**Your goal:** Among the entries below, please repeat exactly and only the lines from the line containing "ASOS LUXE structured" to the line containing "กางเกงสีดำ ทรงกระบอกเล็ก หูกางเกงหนังและ", both lines included.

**Records shown:**
━━━━━━━━
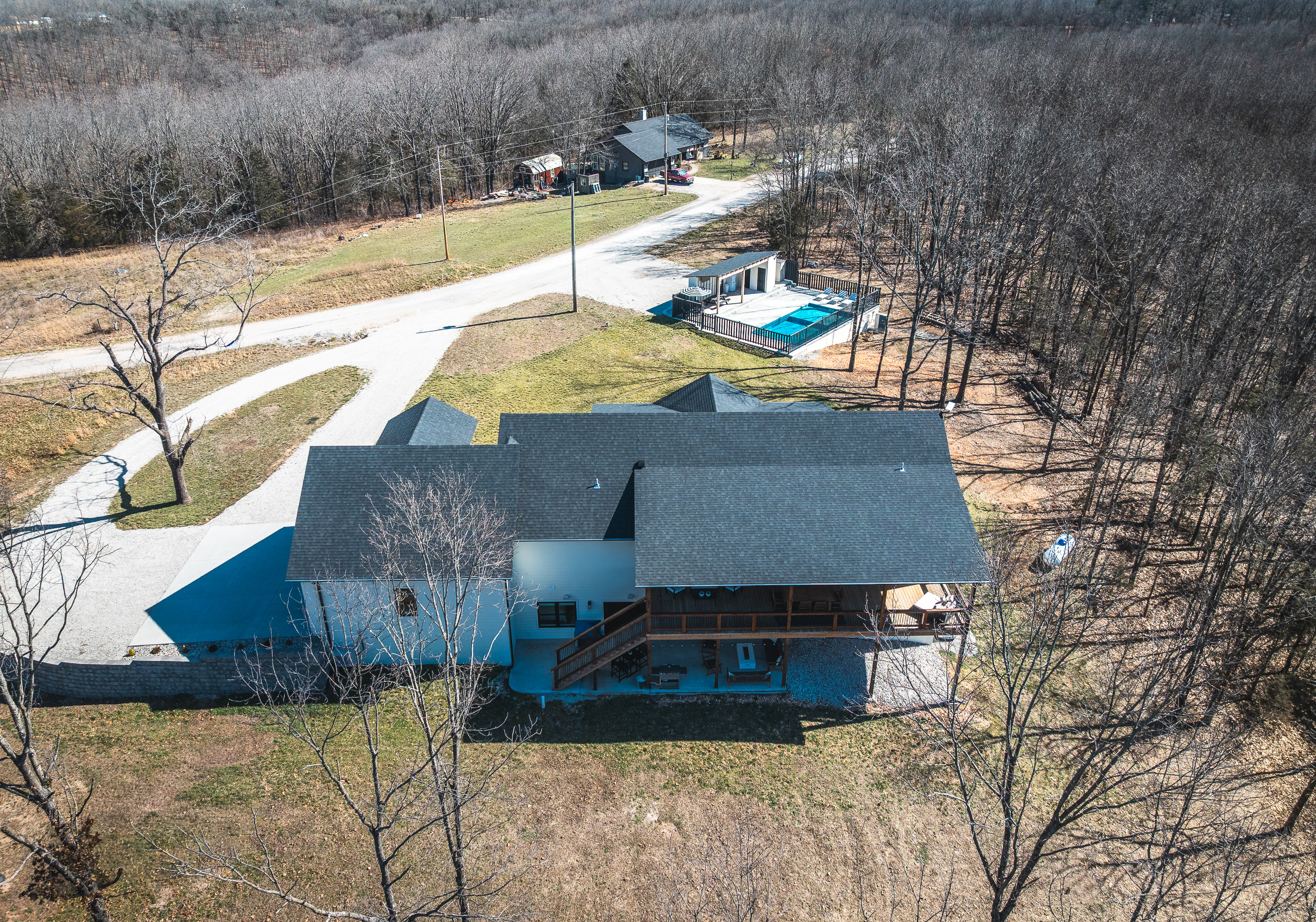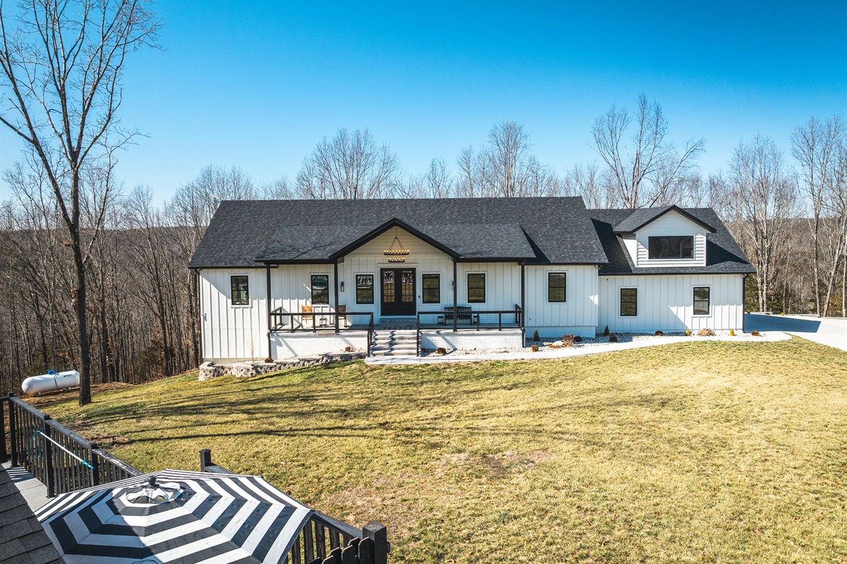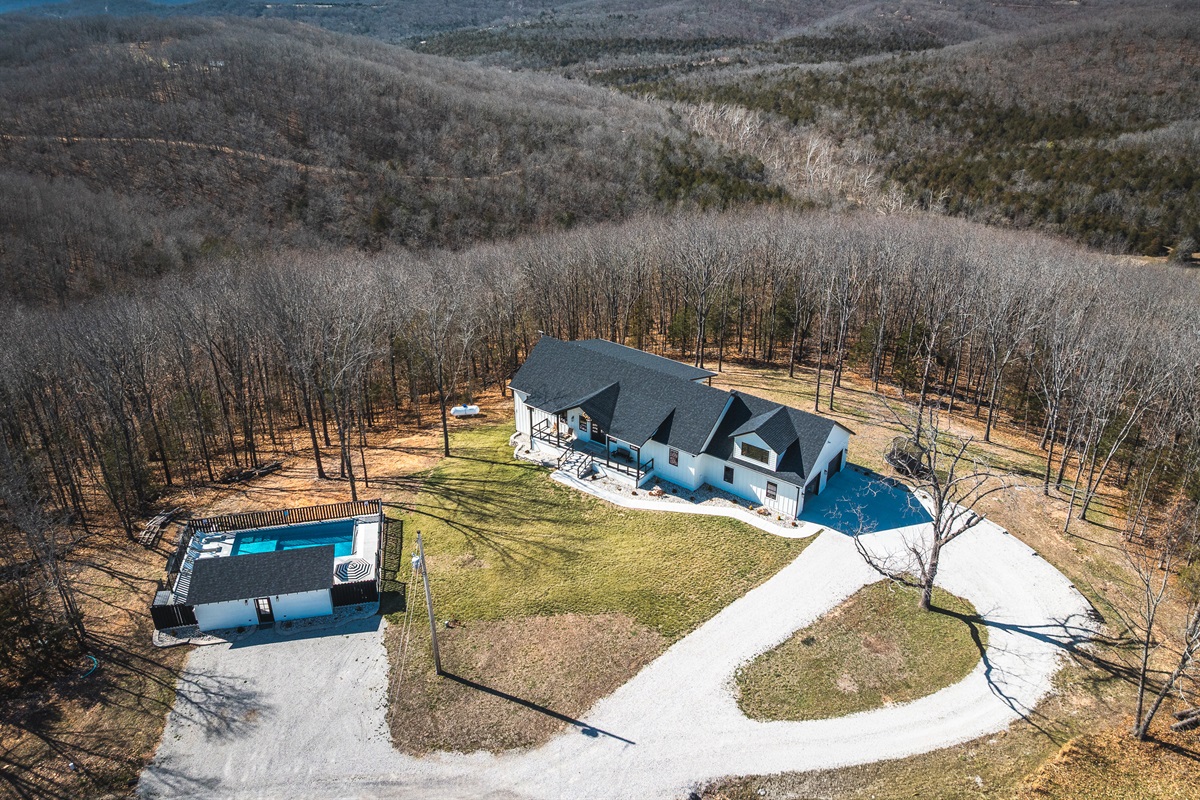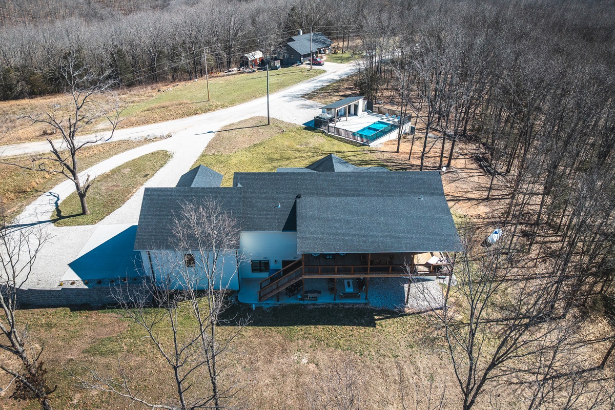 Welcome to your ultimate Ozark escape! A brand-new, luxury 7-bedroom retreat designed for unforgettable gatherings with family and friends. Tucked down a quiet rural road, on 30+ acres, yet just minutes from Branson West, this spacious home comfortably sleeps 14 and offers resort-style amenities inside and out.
━━━━━━━━
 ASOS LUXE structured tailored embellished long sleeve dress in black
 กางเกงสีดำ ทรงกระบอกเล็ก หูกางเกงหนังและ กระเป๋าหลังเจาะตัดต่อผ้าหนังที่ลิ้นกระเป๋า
━━━━━━━━
**Response area:**
 ASOS LUXE structured tailored embellished long sleeve dress in black
 กางเกงสีดำ ทรงกระบอกเล็ก หูกางเกงหนังและ กระเป๋าหลังเจาะตัดต่อผ้าหนังที่ลิ้นกระเป๋า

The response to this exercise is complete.